Neural Image Abstraction Using Long Smoothing B-Splines
Daniel Berio, Michael Stroh, Sylvain Calinon, Frederic Fol Leymarie, Oliver Deussen, Ariel Shamir
TL;DR
This work integrates smoothing uniform B-splines into a differentiable vector graphics pipeline (DiffVG) to produce long, smooth strokes with analytic derivative-based control, including variable stroke width and support for open or closed curves. By linearly converting B-splines to cubic Bézier segments, the method remains compatible with DiffVG while enabling high-order smoothness through a tractable smoothing cost based on derivatives, e.g., $\mathcal{L}_{\mathrm{smooth}}^{d} = \frac{1}{T} \int \|\mathbf{x}^{(d)}(u)\|^2 du = \mathbf{c}^{\top} \bar{\mathbf{G}} \mathbf{c}$. The approach supports end-to-end gradient-based optimization guided by image-space losses, CLIP or diffusion priors, and a variety of stylization objectives, enabling applications such as area fillings, single-stroke abstractions, area-based vectorizations with color quantization, and text/calligram stylization. The resulting framework offers a flexible, continuous, and computationally efficient pathway to generate expressive vector graphics suited for creative design, image abstraction, and robotic reproduction, while highlighting avenues for future work in non-uniform parameterizations and broader stylistic controls.
Abstract
We integrate smoothing B-splines into a standard differentiable vector graphics (DiffVG) pipeline through linear mapping, and show how this can be used to generate smooth and arbitrarily long paths within image-based deep learning systems.

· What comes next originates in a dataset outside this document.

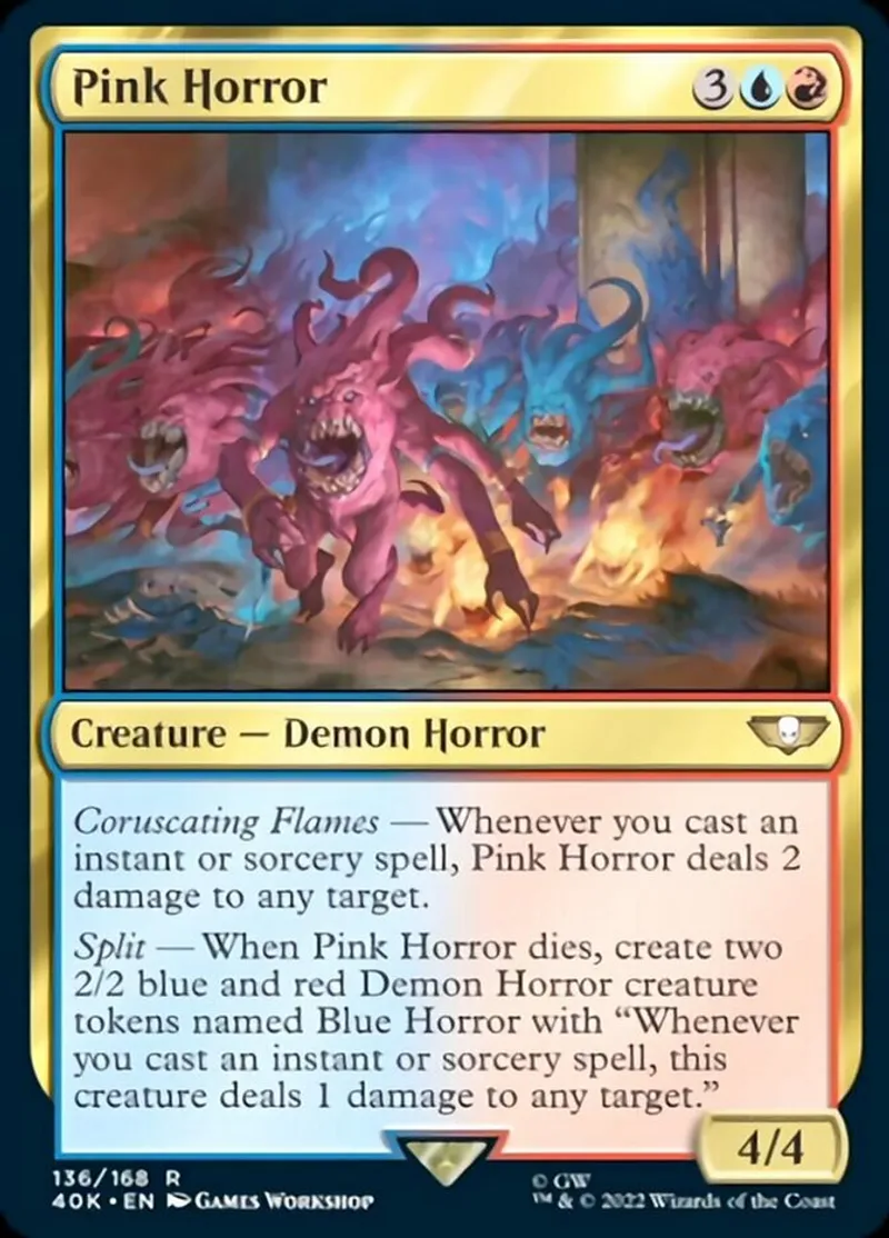 | Oracle Text | Coruscating Flames — Whenever you cast an instant or sorcery spell, Pink Horror deals 2 damage to any target.

We take advantage of derivative-based smoothing costs for parametric control of fidelity vs. simplicity tradeoffs, while also enabling stylization control in geometric and image spaces. The proposed pipeline is compatible with recent vector graphics generation and vectorization methods. We demonstrate the versatility of our approach with four applications aimed at the generation of stylized vector graphics: stylized space-filling path generation, stroke-based image abstraction, closed-area image abstraction, and stylized text generation.